14/11/2012 - Lo scheletro metallico del Nuovo centro congressi all'Eur, firmato dallo Studio Fuksas e meglio noto come "La Nuvola", si staglia ormai nel cielo di Roma. Anche se sulla data del suo completamento ancora non c'è accordo (chi parla di inizio 2013 chi di almeno altri 2 anni di lavoro) se ne ritorna a parlare in questi giorni.
Il pretesto lo ha fornito domenica la presentazione al Festival del Cinema di Roma del documentario La Nuvola - work in progress, diretto dalla figlia dell'architetto Elisa Fuksas. Le immagini raccontano la nascita dell'idea e il lungo e tortuoso percorso fino al completamento della struttura l'estate scorsa. Si racconta il cantiere come una città nella città, dove tutti gli abitanti, gli operai, partecipano al "miracolo" mastodontico della costruzione di un’opera.

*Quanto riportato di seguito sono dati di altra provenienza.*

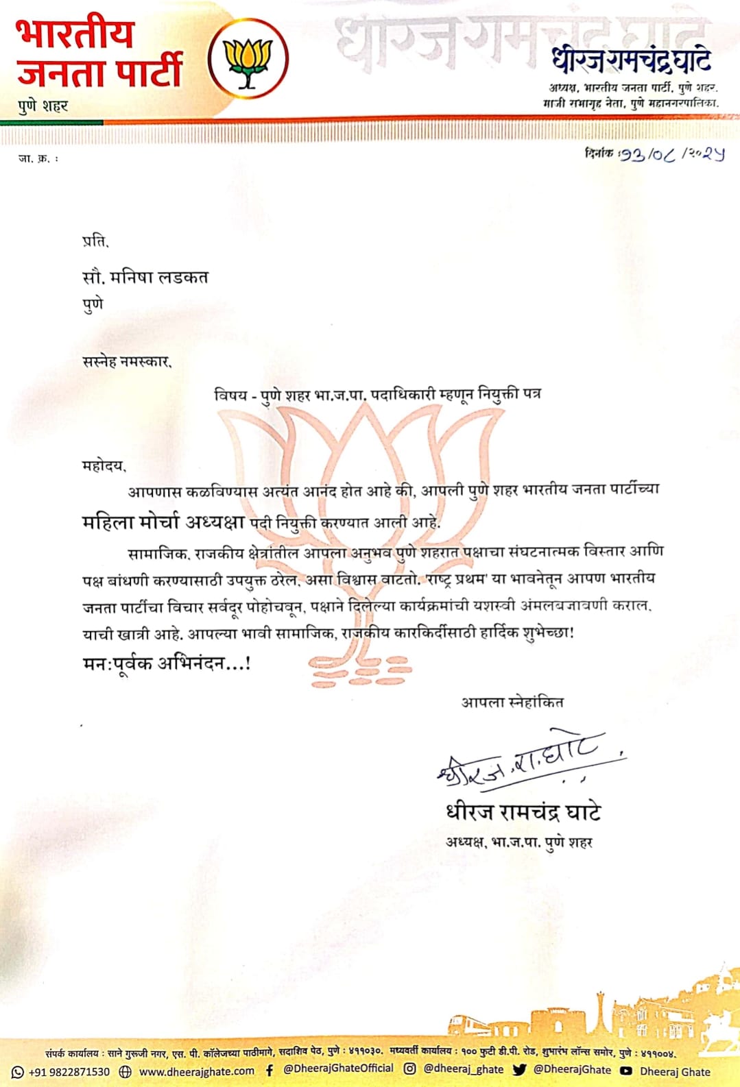 शहराध्यक्ष धीरज घाटे यांच्या हस्ते नियुक्तीपत्र देण्यात आले, मनीषाताई लडकत 2017 ते 2022 पर्यंत पुणे महापालिकेमध्ये नगरसेविका म्हणून काम पाहिले ते पुणे महापालिकेच्या विधी समिती अध्यक्षपदी महिला बालकल्याण समिती सदस्य पदी शहर सुधारणा समिती सदस्य पदी व भवानी पेठ क्षेत्रीय कार्यालय प्रभाग समितीच्या अध्यक्षपदावर कार्यरत होते, पक्षाच्या विविध कार्यक्रमांमध्ये उपस्थिती राहून त्यांनी जबाबदारी पार पाडल्या व विविध समाजातील कार्यक्रमांमध्ये सहभाग होऊन संयोजन करून जबाबदारी पार पाडली त्याची दखल घेऊन भाजपा नेत्यांनी त्यांना पुणे शहर महिला मोर्चाच्या अध्यक्षपदी जबाबदारी दिली,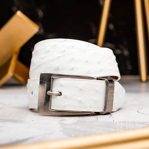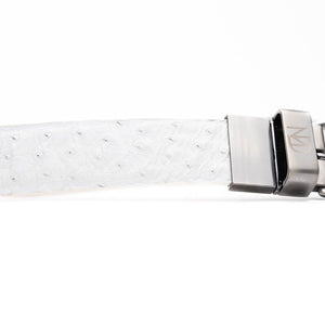 Finish your look with our genuine exotic ostrich belts, featuring beautiful antiqued hand-finishes and soft interior lining. The brushed chrome buckle features subtle Marco Di Milano branding, and it easily removable in case you need your belt trimmed to size.

La regista punta l’obiettivo sui gruisti, sui montatori dei ponteggi, sui geometri, indagando il loro punto di vista sull'opera che stanno costruendo. Tra la fatica quotidiana e le incertezze per il futuro gli "abitanti del cantiere" raccontano il loro modo di approcciarsi a una costruzione tanto singolare. Orgogliosi di un'opera di cui si parla "persino al paese in Abruzzo" o che "tra vent'anni potrai dire di aver fatto tu" ma soprattutto contenti, come lo stesso Fuksas rileva, dell'aver dovuto affrontare mille difficoltà tecniche, di essersi trovati di fronte a un lavoro fuori dall'ordinario, secondo un gusto che forse si può definire tipicamente italiano di riuscire bene nelle cose difficili.

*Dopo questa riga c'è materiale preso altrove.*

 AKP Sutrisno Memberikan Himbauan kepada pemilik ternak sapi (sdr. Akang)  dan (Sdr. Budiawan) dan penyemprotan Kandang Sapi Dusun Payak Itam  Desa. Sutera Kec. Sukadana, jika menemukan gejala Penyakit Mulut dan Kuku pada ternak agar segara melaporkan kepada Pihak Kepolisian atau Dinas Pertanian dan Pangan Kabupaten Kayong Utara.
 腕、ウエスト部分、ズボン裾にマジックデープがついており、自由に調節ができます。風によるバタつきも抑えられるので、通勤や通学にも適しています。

Il montaggio ondeggia poi tra le atmosfere surreali del cantiere, con le sue geometrie metalliche e le nuvole che le attraversano, e il racconto fatto da Fuksas in persona che ripercorre l'iter del progetto mescolando aneddoti, riflessioni filosofiche o mistiche, invettive, giudizi tranchant... In uno stato d'animo che lui stesso definisce melanconico ma proiettato al futuro, poichè dopo aver dovuto aspettare 65 anni per costruire la prima opera nella sua città ora finalmente vi vede nascere la sua opera più visionaria.

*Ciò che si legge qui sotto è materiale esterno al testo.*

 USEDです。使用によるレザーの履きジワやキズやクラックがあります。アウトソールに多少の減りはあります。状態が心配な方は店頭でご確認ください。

Fuksas parla proprio del cantiere come una "sorta di piccola vacanza", dove ricaricarsi dalle delusioni e dai momenti di sconforto immergendosi nel "fare" architettura. Dichiara anche di non chiedersi più se gli piaccia o meno la sua Nuvola, ora che ha preso quasi la forma definitiva, ma di essere entusiasta di aver messo in moto una "fabbrica" di centinaia di persone che, muovendo verso l'ignoto, è riuscita a costruire un'opera che pochi anni fa sembrava impossibile. Nel nostro paese non è soddisfazione da poco.